The Premise
Hughie Campbell is a guy working at a stereo store when a superhero cannonballs through his girlfriend at 600 mph and then holds a press conference. That's the pilot of The Boys, Eric Kripke's adaptation of the Garth Ennis comic for Prime Video. The setup: superheroes exist, but they're managed by a mega-corp called Vought that turns them into a marketing product line, and the most beloved one, Homelander (Antony Starr), is a smiling flag-draped nightmare. Hughie (Jack Quaid) gets recruited by Billy Butcher (Karl Urban), a Cockney bruiser running an unofficial squad that keeps the "supes" in check by any means necessary. Erin Moriarty plays Starlight, a new recruit to Vought's Seven who arrives in New York expecting Justice League and gets HR from hell.
The Case For
Antony Starr. That's most of the case right there. His Homelander is one of the great TV villain performances of the last decade, a man playing a man playing a god, and every micro-twitch of his jaw is doing work. Karl Urban commits so hard to Butcher's dirtbag charisma that he makes a character built out of slurs and grief somehow watchable. Jack Quaid is the audience surrogate who never once feels like a plot device. The action is genuinely inventive; the show figures out new ways to weaponize powers you thought Marvel had exhausted, and its practical gore effects are stupidly, gleefully well-done. Kripke's writers room understands escalation. Each season raises the stakes without turning into a cosmic laser fight.
The Case Against
It's ugly on purpose, and sometimes the ugliness is the whole joke. Season three in particular leans on shock so hard the shock stops registering, and a couple of storylines exist mostly so the marketing team has a viral clip. The satire of celebrity culture and corporate branding is sharp in seasons one and two, then gets broader and more topical as the show goes on, which some viewers will find bracing and others will find heavy-handed. And the ending divided its own fandom hard. Reactions to the series finale in May ranged from "earned closure" to "what was that." Go in knowing the last hour is contested.

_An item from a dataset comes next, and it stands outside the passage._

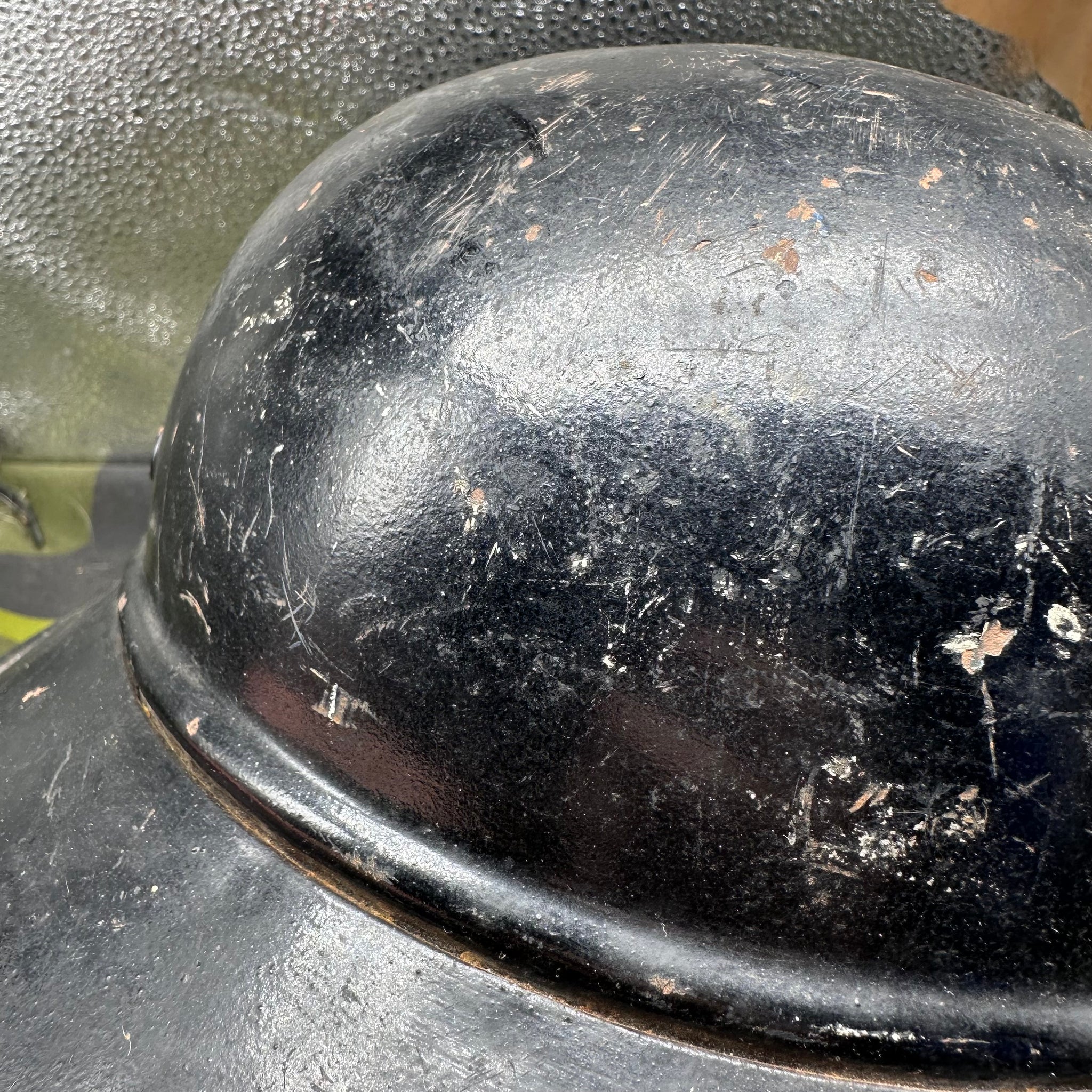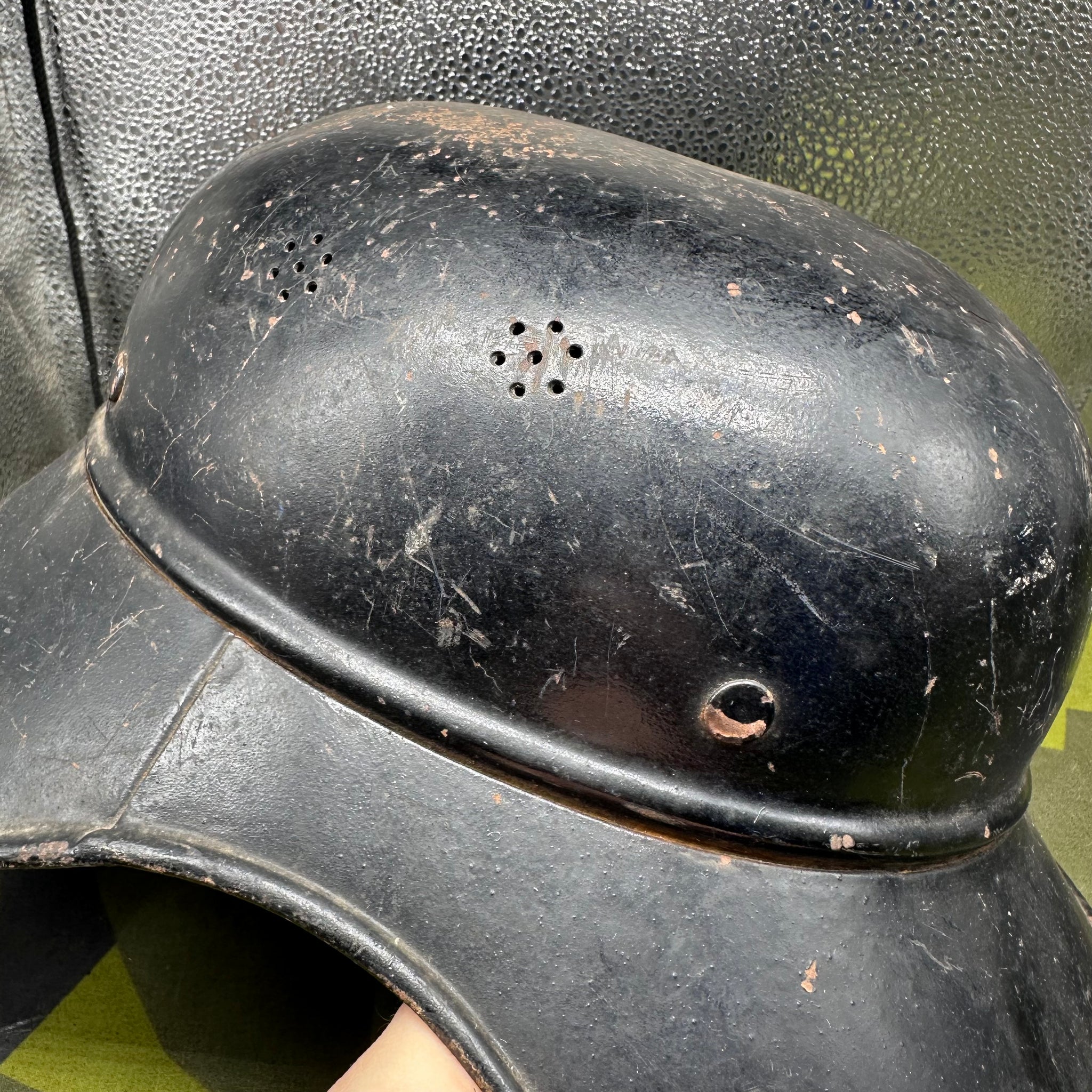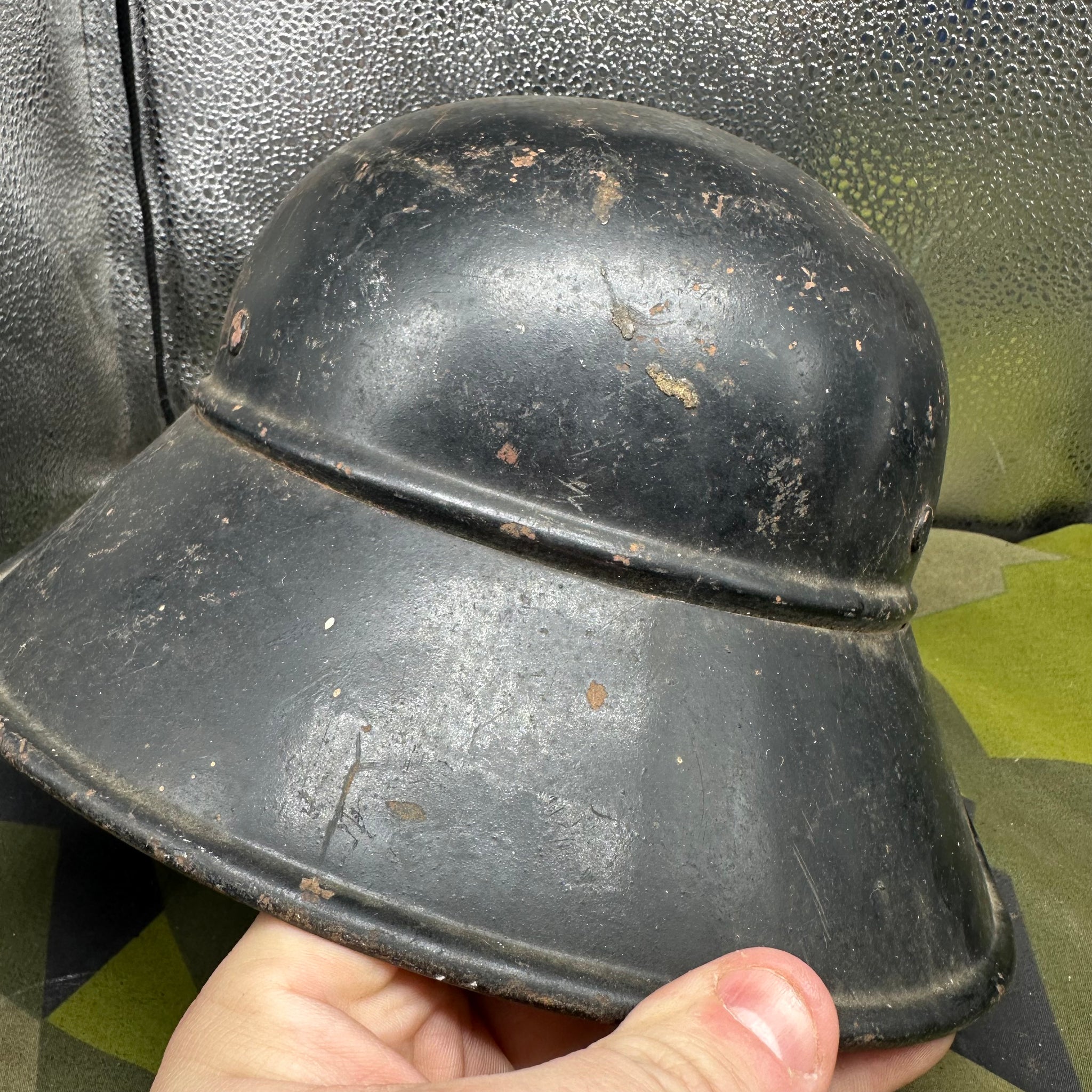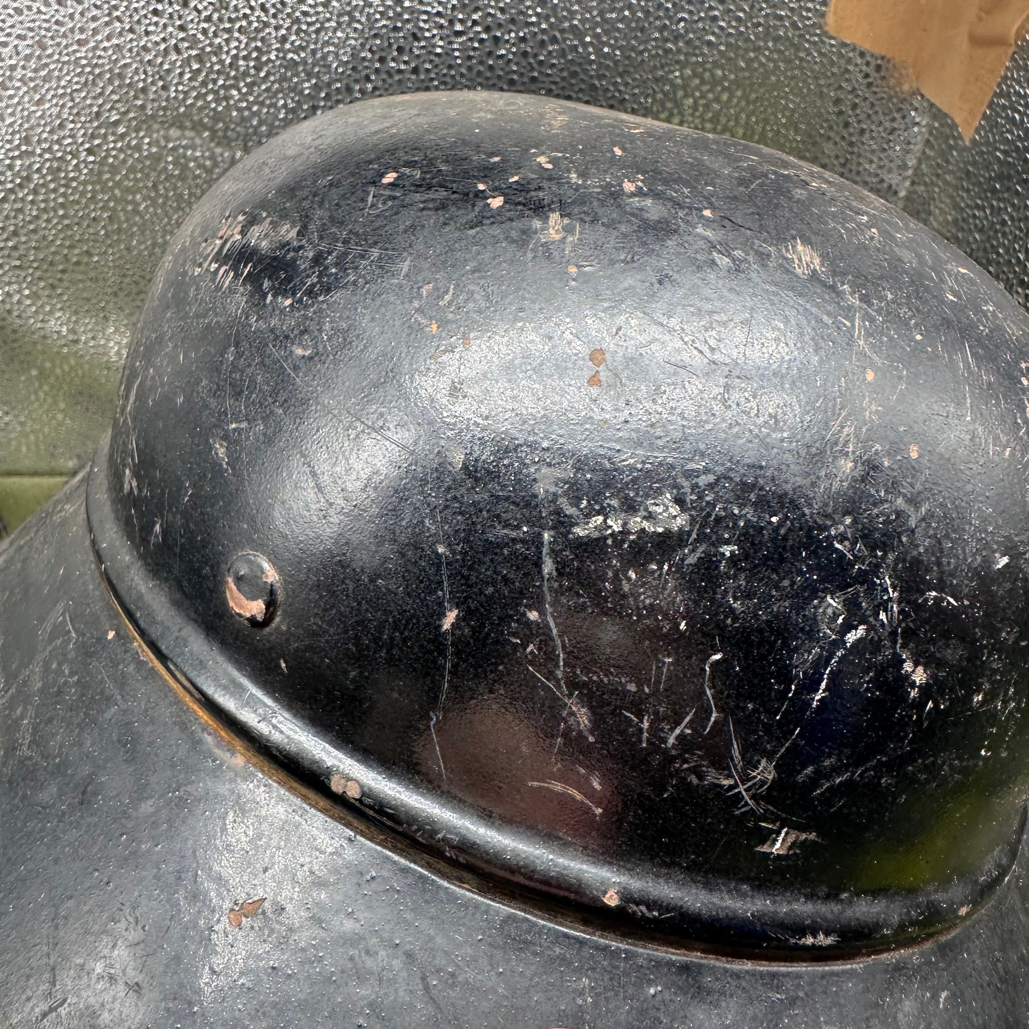 Just a lovely all around original luftshutz helmet. You can see where the decal is underneath the second layer of paint. Likely done late WW2 when it its been reissued.

Who It's For, Who'll Bounce
If you liked Watchmen (the comic, the HBO show, either), Preacher, Barry, or the meaner stretches of Succession, you're the audience. If Deadpool's tone is your ceiling for irreverence, this show clears that ceiling in ten minutes and keeps climbing. Bouncers: anyone squeamish about on-screen violence involving bodies coming apart, anyone who wants their superheroes to inspire, and anyone allergic to satire that names names.
The Ruling
DROP EVERYTHING because for four seasons and change, The Boys did the hardest thing on television. It kept a premise this loud from calcifying into a bit. Starr and Urban are giving performance-of-a-career work. Kripke's crew found a way to make blockbuster spectacle feel dangerous again on a streamer that had no business greenlighting it. The show's politics are loud, sure, but they're delivered through character. Homelander's arc is a psychological study, not a lecture; Starlight's disillusionment plays as drama, not a PSA. When the writing slips into speechifying, it's usually a character we're supposed to find annoying doing the speechifying. That's craft. The finale wobbles. The run doesn't. Watch it.